(Material provided Opens)

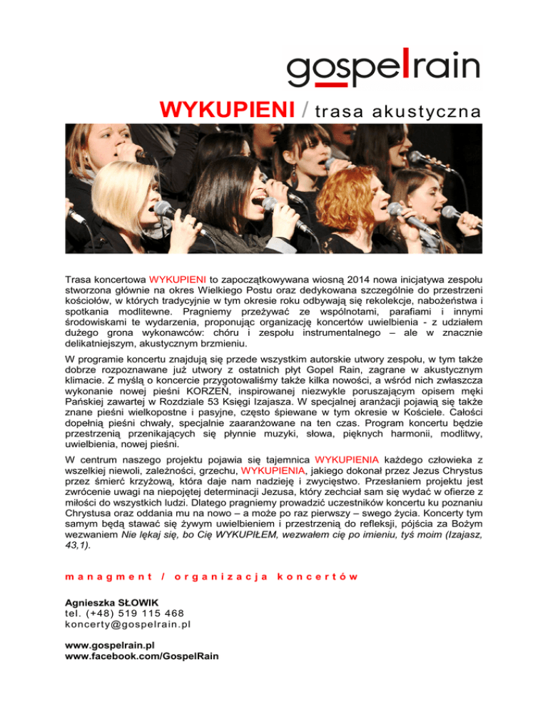 WYKUPIENI / tr asa ak us tyczna Trasa koncertowa WYKUPIENI to zapoczątkowywana wiosną 2014 nowa inicjatywa zespołu stworzona głównie na okres Wielkiego Postu oraz dedykowana szczególnie do przestrzeni kościołów, w których tradycyjnie w tym okresie roku odbywają się rekolekcje, naboŜeństwa i spotkania modlitewne. Pragniemy przeŜywać ze wspólnotami, parafiami i innymi środowiskami te wydarzenia, proponując organizację koncertów uwielbienia - z udziałem duŜego grona wykonawców: chóru i zespołu instrumentalnego – ale w znacznie delikatniejszym, akustycznym brzmieniu. W programie koncertu znajdują się przede wszystkim autorskie utwory zespołu, w tym takŜe dobrze rozpoznawane juŜ utwory z ostatnich płyt Gopel Rain, zagrane w akustycznym klimacie. Z myślą o koncercie przygotowaliśmy takŜe kilka nowości, a wśród nich zwłaszcza wykonanie nowej pieśni KORZEŃ, inspirowanej niezwykle poruszającym opisem męki Pańskiej zawartej w Rozdziale 53 Księgi Izajasza. W specjalnej aranŜacji pojawią się takŜe znane pieśni wielkopostne i pasyjne, często śpiewane w tym okresie w Kościele. Całości dopełnią pieśni chwały, specjalnie zaaranŜowane na ten czas. Program koncertu będzie przestrzenią przenikających się płynnie muzyki, słowa, pięknych harmonii, modlitwy, uwielbienia, nowej pieśni. W centrum naszego projektu pojawia się tajemnica WYKUPIENIA kaŜdego człowieka z wszelkiej niewoli, zaleŜności, grzechu, WYKUPIENIA, jakiego dokonał przez Jezus Chrystus przez śmierć krzyŜową, która daje nam nadzieję i zwycięstwo. Przesłaniem projektu jest zwrócenie uwagi na niepojętej determinacji Jezusa, który zechciał sam się wydać w ofierze z miłości do wszystkich ludzi. Dlatego pragniemy prowadzić uczestników koncertu ku poznaniu Chrystusa oraz oddania mu na nowo – a moŜe po raz pierwszy – swego Ŝycia. Koncerty tym samym będą stawać się Ŝywym uwielbieniem i przestrzenią do refleksji, pójścia za BoŜym wezwaniem Nie lękaj się, bo Cię WYKUPIŁEM, wezwałem cię po imieniu, tyś moim (Izajasz, 43,1). managment / organizacja koncertów Agnieszka SŁOWIK tel. (+48) 519 115 468 [email protected] www.gospelrain.pl www.facebook.com/GospelRain
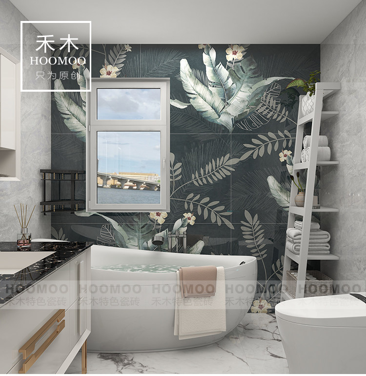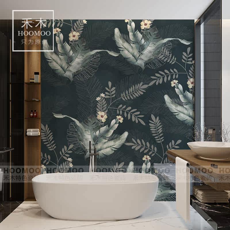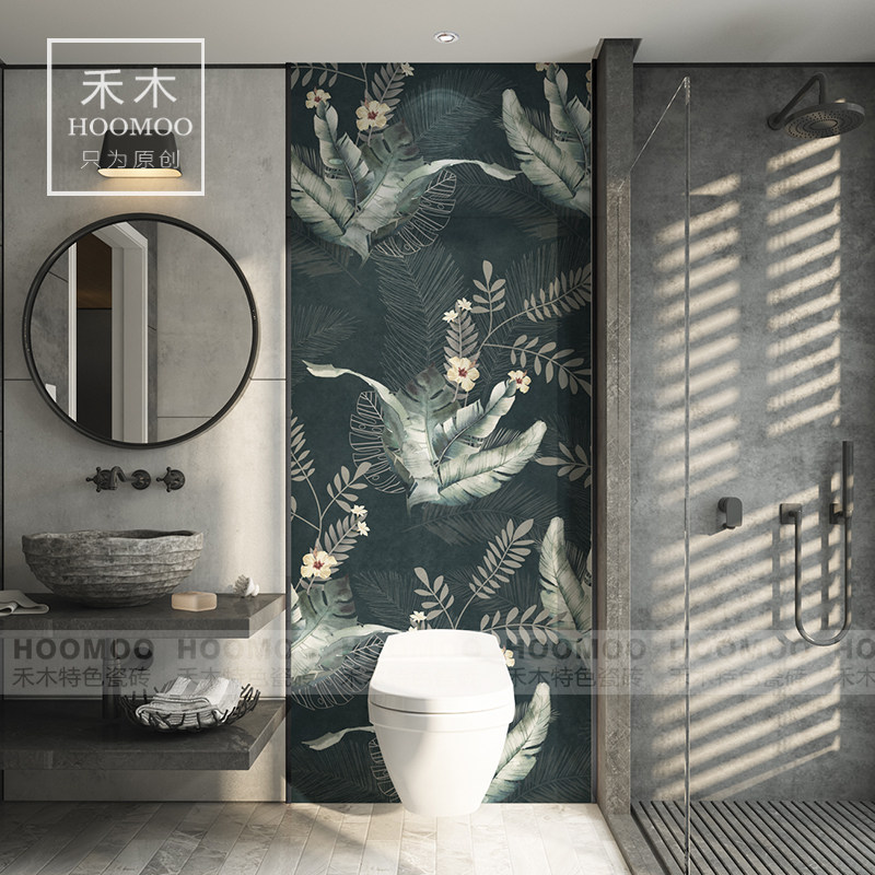 Hemu Foshan powder room tile toilet bathroom toilet background wall decorative art tile American modern plant
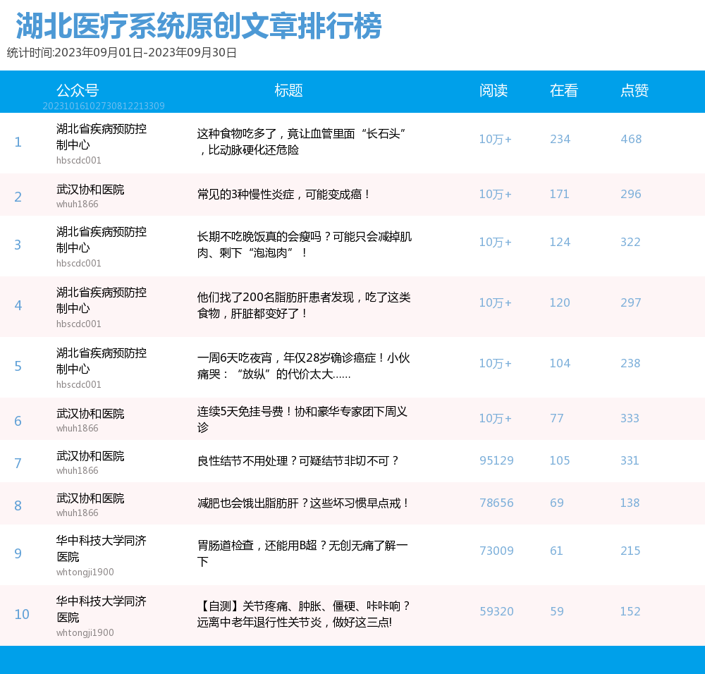 圖:湖北醫療微信排行榜9月榜單TOP30
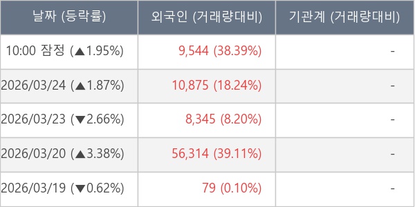 [표] 외국인ㆍ기관 순매매량 (단위 주)
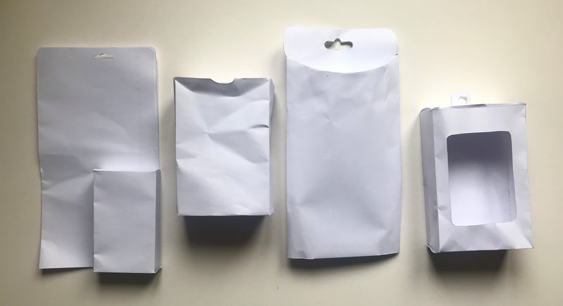 After I had finished designing the surface graphics it was time to combine them with the 3D pack itself. I used spray mount to stick the labels onto the nets. Below you can see the unfolded net of my packaging solution as well as images of the 3D folded dummy version at various angles and containing the product. |
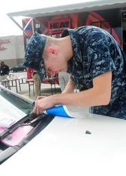 Keywords: Norfolk sailors provide VIN etching service 121003-N-YC505-022.jpg en Hospital Corpsman William Wooten temporarily assigned to the Naval Station Norfolk Police Precinct etches vehicle identification numbers onto a car in the Navy Exchange parking lot Oct 3 HEAT Help Eliminate Auto Theft provided a free VIN etching service to service members U S Navy photo by Mass Communication Specialist 3rd Class Molly Anne Greendeer 2012-10-03 Molly Treece https //www dvidshub net/image/677176 121003-N-YC505-022 2012-10-06 23 26 NORFOLK VA US PD-USGov-Military-Navy Naval Station Norfolk Images from DoD uploaded by Fæ |
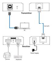 - Applications: The transmitter is connected to the USB-B port of a PC or laptop. The receiver connects to up to two USB devices such as, mouse, keyboard, touch screen or camera etc.
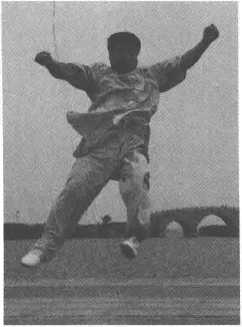 接上式,身体直立,上身右倾,左腿腾空外摆腿,右腿同时起腿做腾空里合腿. 身体转体360度,双脚落地.上动不停,右掌自下向上迎击,左掌自上向下拍击右掌 掌背部,击拍要响,两手分开;腾空时,左手掌击拍右脚脚掌,击拍要响,目视空中 击拍处(图 4-93、图 4-94、图 4—95、图 4-96、图 4-97 图 4-98、图 4一99、图 4-100)
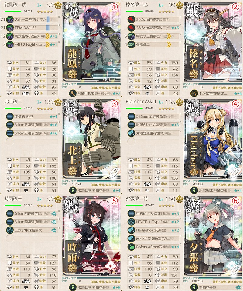 - 特効補正の関係で第一・第二両方に龍鳳を採用していますが、重要度は第二艦隊の方が高いので1隻しかいない場合は第一艦隊側は他の軽空母に(搭載数大きめなら誰でも良いです)
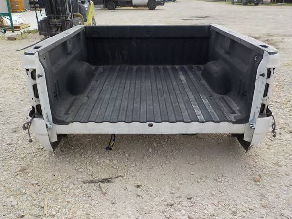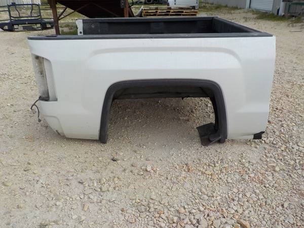 We have an 5 ft 8 in bed that will fit a GMC Sierra 1500 pickup from 2014 to 2018. This bed will not come with the tailgate or taillights. There is a small dent on the driver side near the bulkhead...
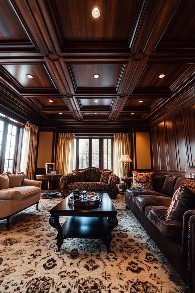 Picture deep stained wood panels forming a grid across your ceiling, their grain patterns adding texture and depth. The rich hues absorb ambient light, creating a soft, inviting glow. When paired with warm-colored walls and plush furnishings, the overall effect is one of understated luxury. The contrast between the dark wood and lighter walls emphasizes the coffered design, drawing the eye upward.
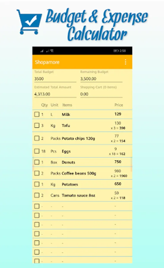 *Actual Grocery Shopping Cart Cost Calculator
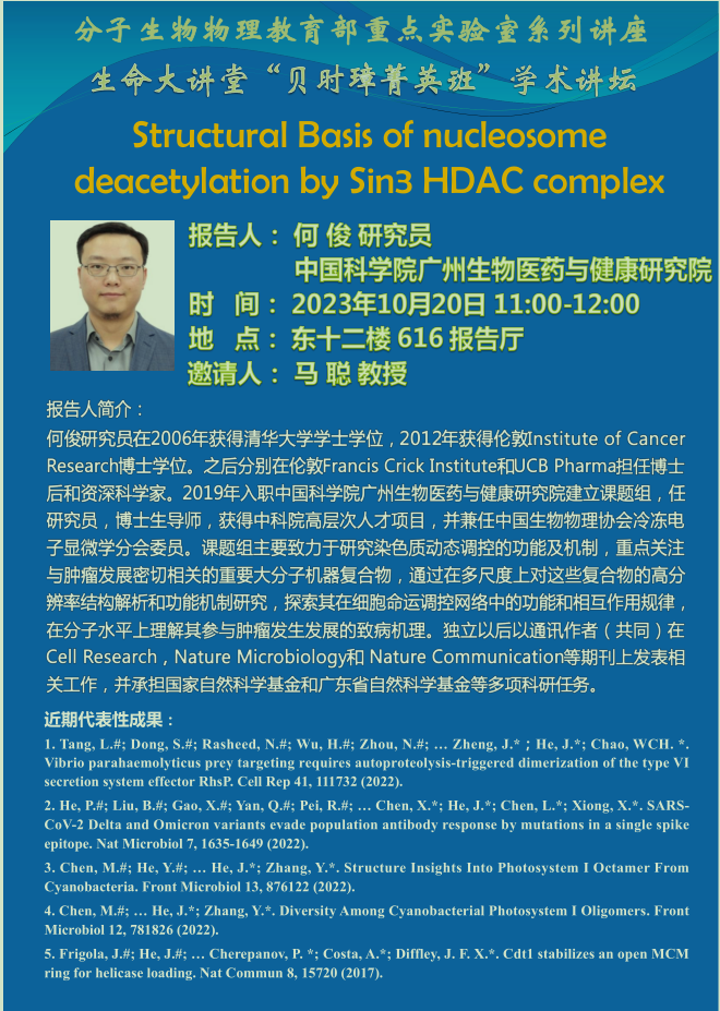 报告人简介:何俊研究员在2006年获得清华大学学士学位,2012年获得伦敦Institute of Cancer Research博士学位。之后分别在伦敦Francis Crick Institute和UCB Pharma担任博士后和资深科学家。2019年入职中国科公司广州生物医药与健康研究院建立课题组,任研究员,博士生导师,获得中科院高层次人才项目,并兼任中国生物物理协会冷冻电子显微学分会委员。课题组主要致力于研究染色质动态调控的功能及机制,重点关注与肿瘤发展密切相关的重要大分子机器复合物,通过在多尺度上对这些复合物的高分辨率结构解析和功能机制研究,探索其在细胞命运调控网络中的功能和相互作用规律,在分子水平上理解其参与肿瘤发生发展的致病机理。独立以后以通讯作者(共同)在Cell Research,Nature Microbiology和 Nature Communication等期刊上发表相关工作,并承担国家自然科学基金和广东省自然科学基金等多项科研任务。
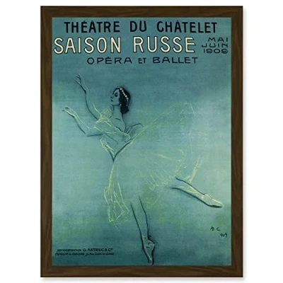 Artery8 Pavlova Ballet Russian Paris France Vintage Blue Advert A4 Artwork Framed Wall Art Print
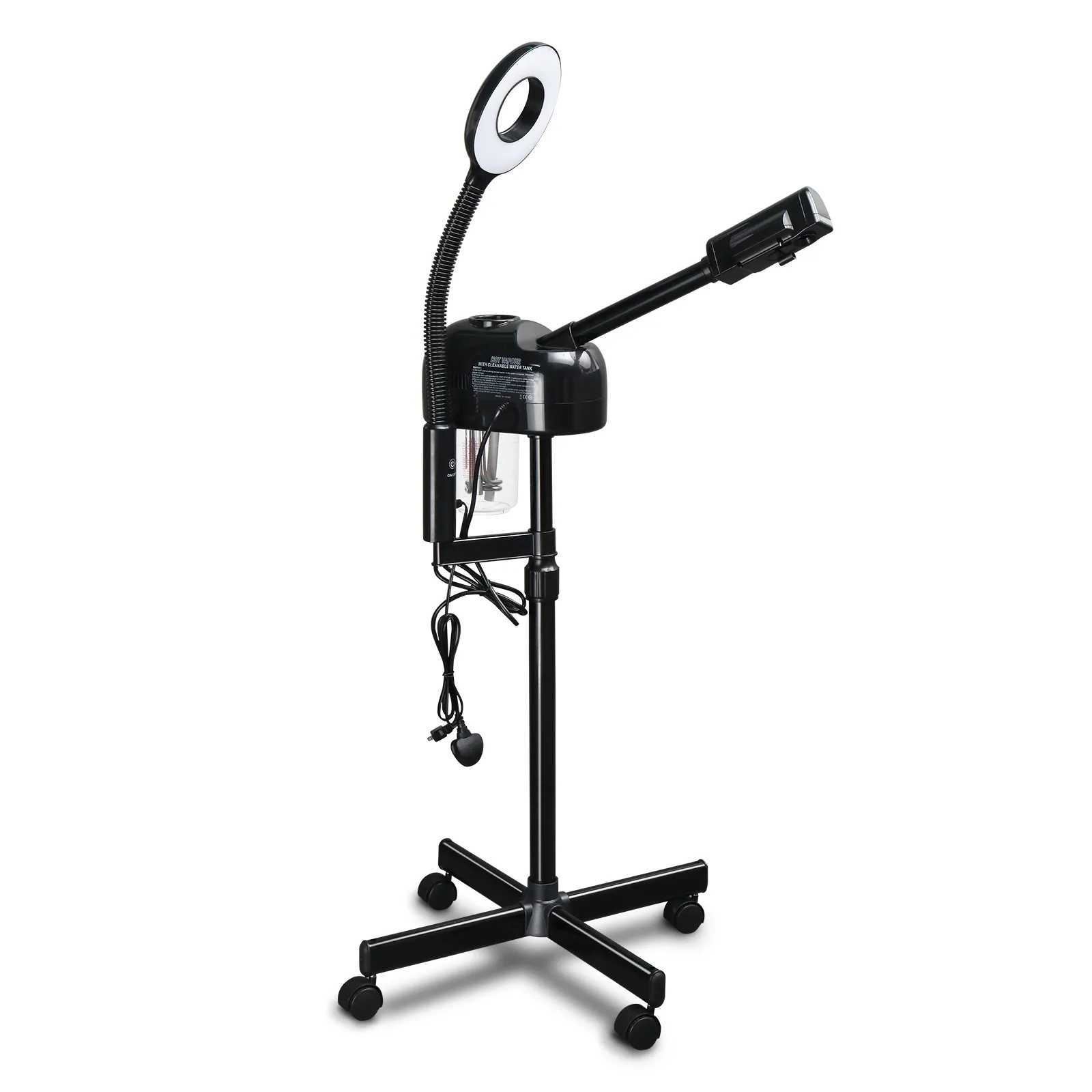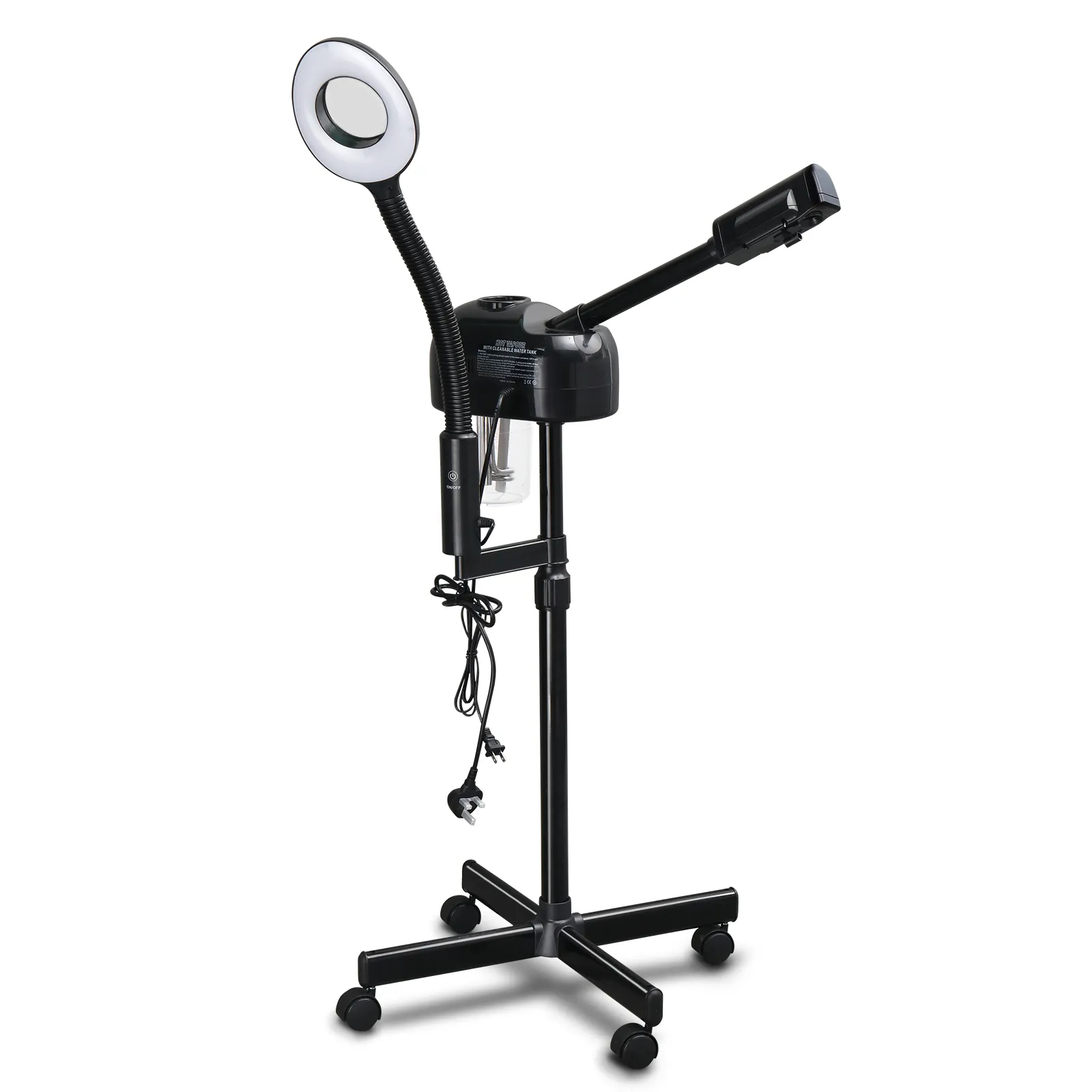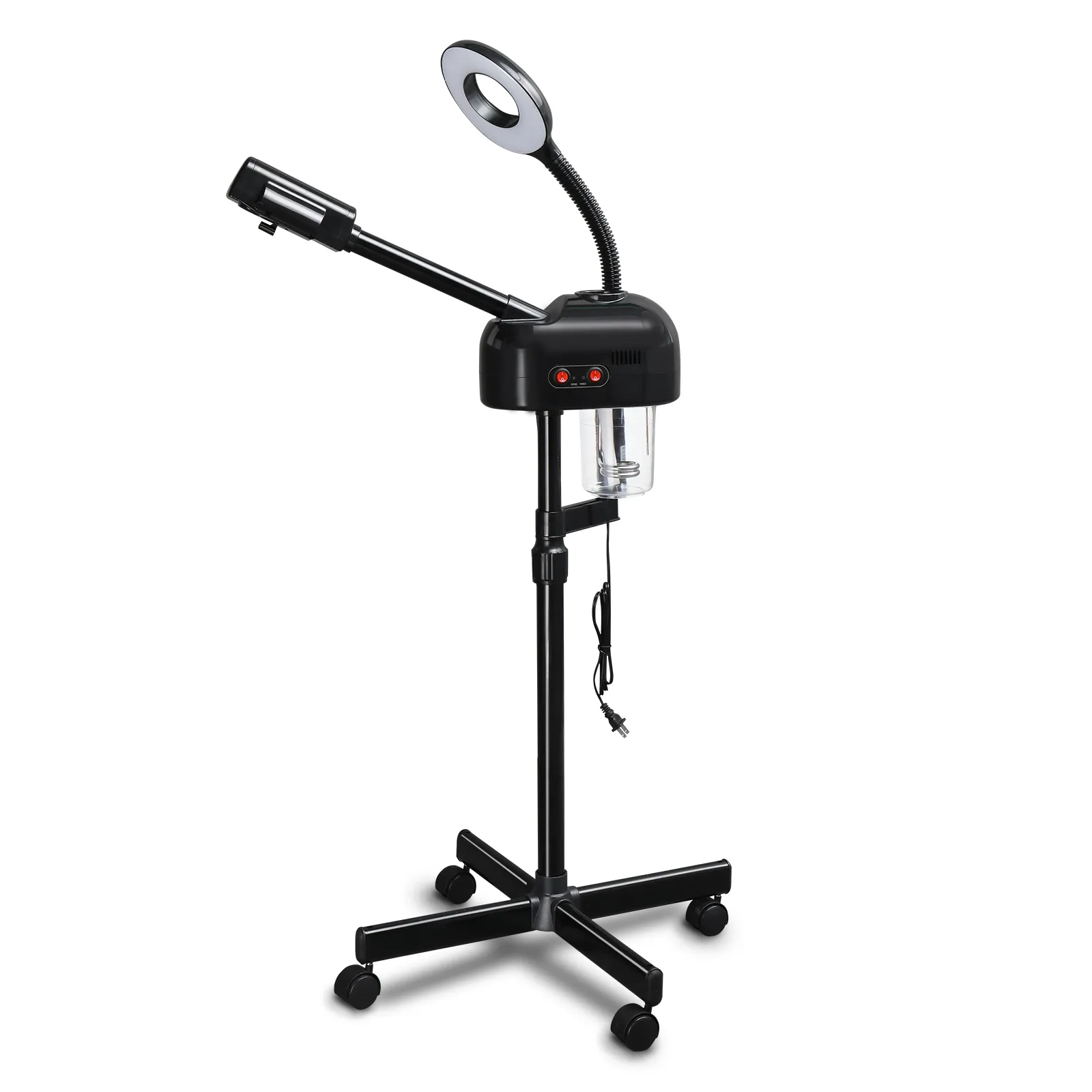The Facial Steamer is design for beauty salon or personal care use at home. Its sprayer has the function of ozone, so as to speed up skin nutrition absorption. And the ozone also can sterilize and whiten your skin, and improve blood circulation and metabolism. This sprayer also has the effect of moisturing, water replenishing and keep your skin moist. Height is adjustable , fit for shampoo chair or massage table. A great skin care device for barber shop / beauty salon. With four rolling casters, you can take it around house or studio with no effort.

(Material provided Closes)

With the pictures omitted, print precisely the lines from the one with "Artery8 Pavlova Ballet" to the final line of the records, both included.

### Finished exercise
 Artery8 Pavlova Ballet Russian Paris France Vintage Blue Advert A4 Artwork Framed Wall Art Print
The Facial Steamer is design for beauty salon or personal care use at home. Its sprayer has the function of ozone, so as to speed up skin nutrition absorption. And the ozone also can sterilize and whiten your skin, and improve blood circulation and metabolism. This sprayer also has the effect of moisturing, water replenishing and keep your skin moist. Height is adjustable , fit for shampoo chair or massage table. A great skin care device for barber shop / beauty salon. With four rolling casters, you can take it around house or studio with no effort.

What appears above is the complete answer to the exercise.